Background: Acute appendicitis is the most common surgical condition of children. About 1 to 10% of children presenting in surgical emergencies with acute abdomen fall within the domain of acute appendicitis.
Aim and objectives: to perform a systematic review and a meta-analysis about literature published in the period from 2010-2023 determine the value of Clinical Scoring system and Imaging modalities To reduce Negative appendectomy Rate.

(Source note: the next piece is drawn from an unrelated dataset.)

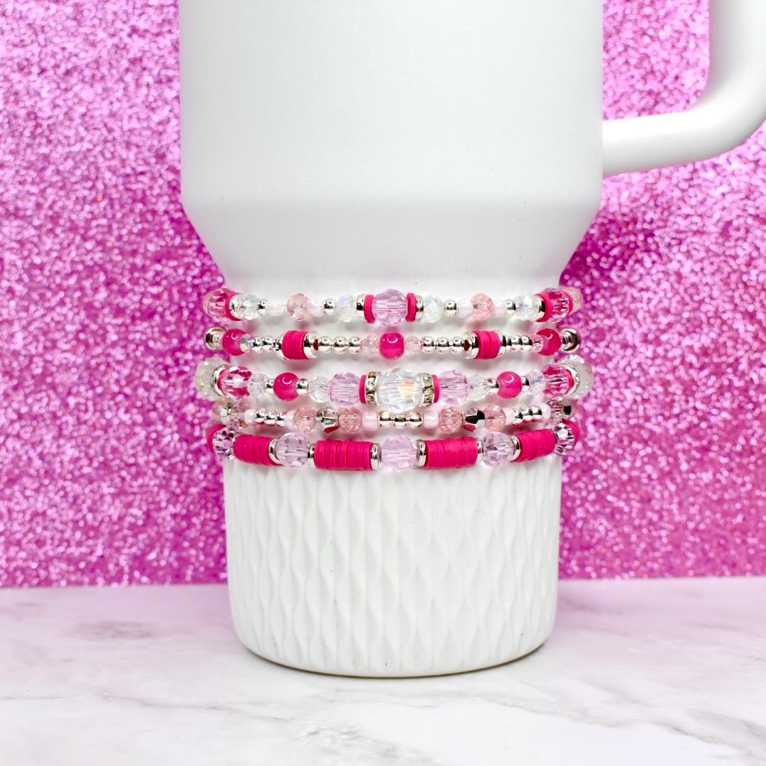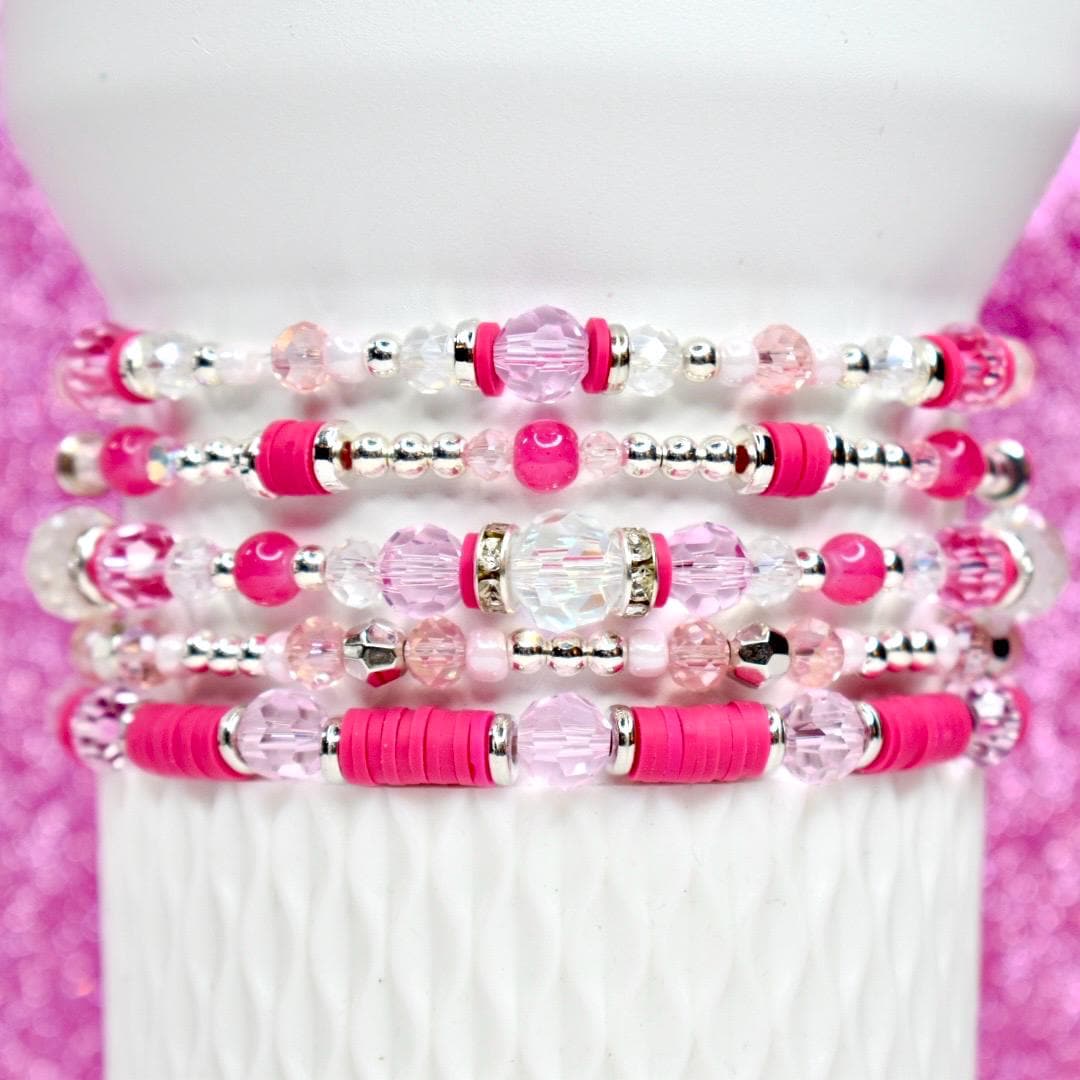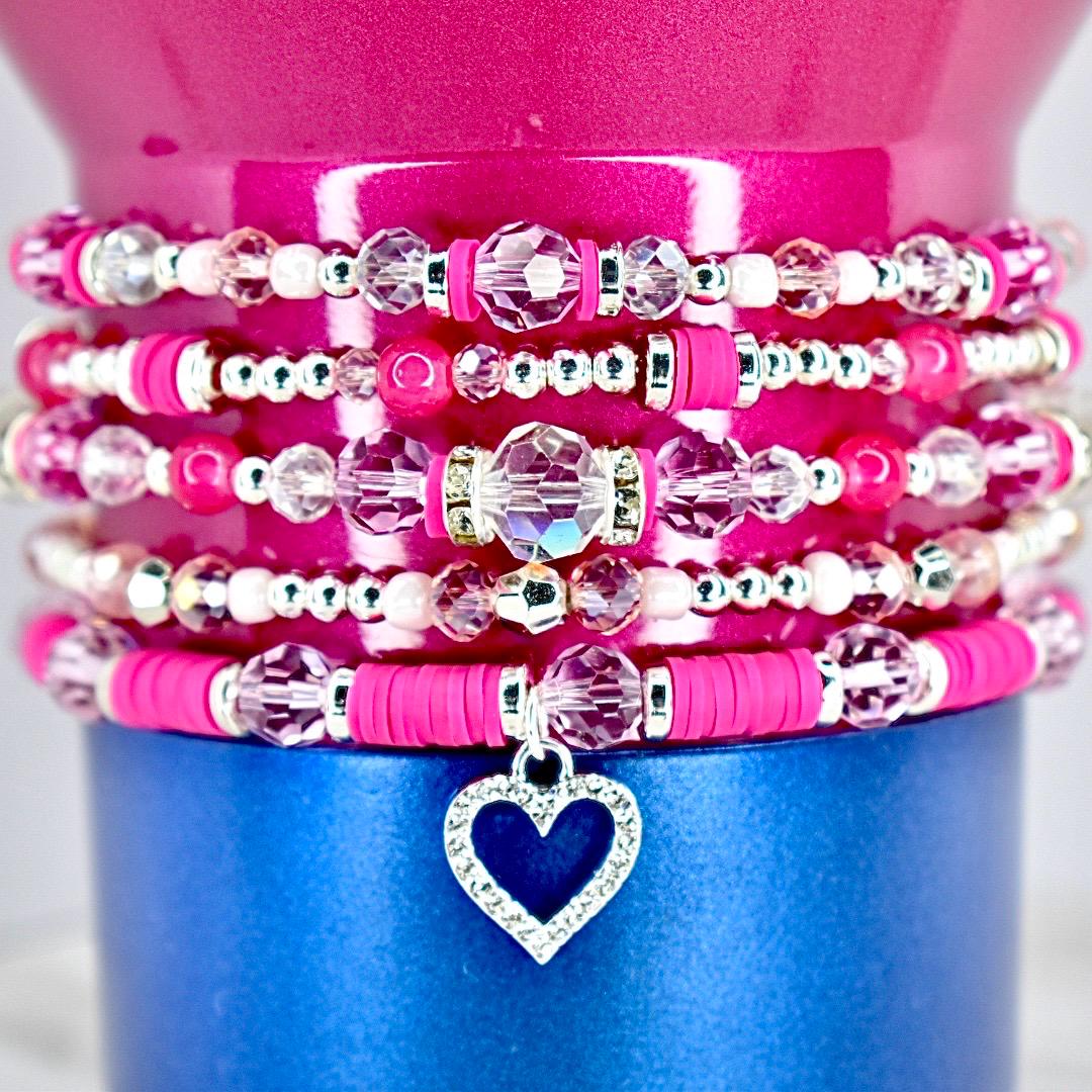 Embrace the sweetness of love with this elegant Valentine’s bracelet stack! This sophisticated 5-piece collection features beautiful pink crystals, raspberry pink heishi beads, and silver accents that create a romantic yet refined look perfect for Valentine’s Day and beyond.

Subjects and methods: Meta-analysis and systematic review of the published studies about the role of clinical scoring systems and imaging modalities to reduce the negative appendectomy rate as comparing between patients operated as appendectomy with pre-operative assessment using clinical scoring systems and imaging modalities and those operated without preoperative assessment as regards the negative appendectomy rate carried out in the period between 2010 and 2023
Result: Four studies reported modified Alvarado scores (for 1 – 4 and 1 – 6 score) but only three studies suitable for analysis. A significant heterogeneity was detected. Therefore, a random-effect model was used for analysis (I² = 77%, P=0. 01). The combined OR and 95% CIs was 59.20 (7.32 to 478.73). The combined result demonstrates a statistically significant difference between groups regarding modified Alvarado scores (1 – 4 and 1 – 6 score) (Z = 3.83, P =0.0001).
Conclusion: Both scoring systems can be of assistance in setting the diagnosis of acute appendicitis, but none has adequate predictive values in assessing acute appendicitis, and none can be used as an exclusive standard in setting the diagnosis of acute appendicitis in children.
The AIR score had the best distinguishable power and statistically is superior to Alvarado score and PAS in prognostication of acute appendicitis in children population. Usage of AIR score in the diagnosis of suspected acute appendicitis in pediatrics increases clinical accuracy and reduces the negative appendicectomy rate. This results in a decrease in unnecessary admissions, the healthcare burden and cost and increases the overall efficiency of emergency surgical services.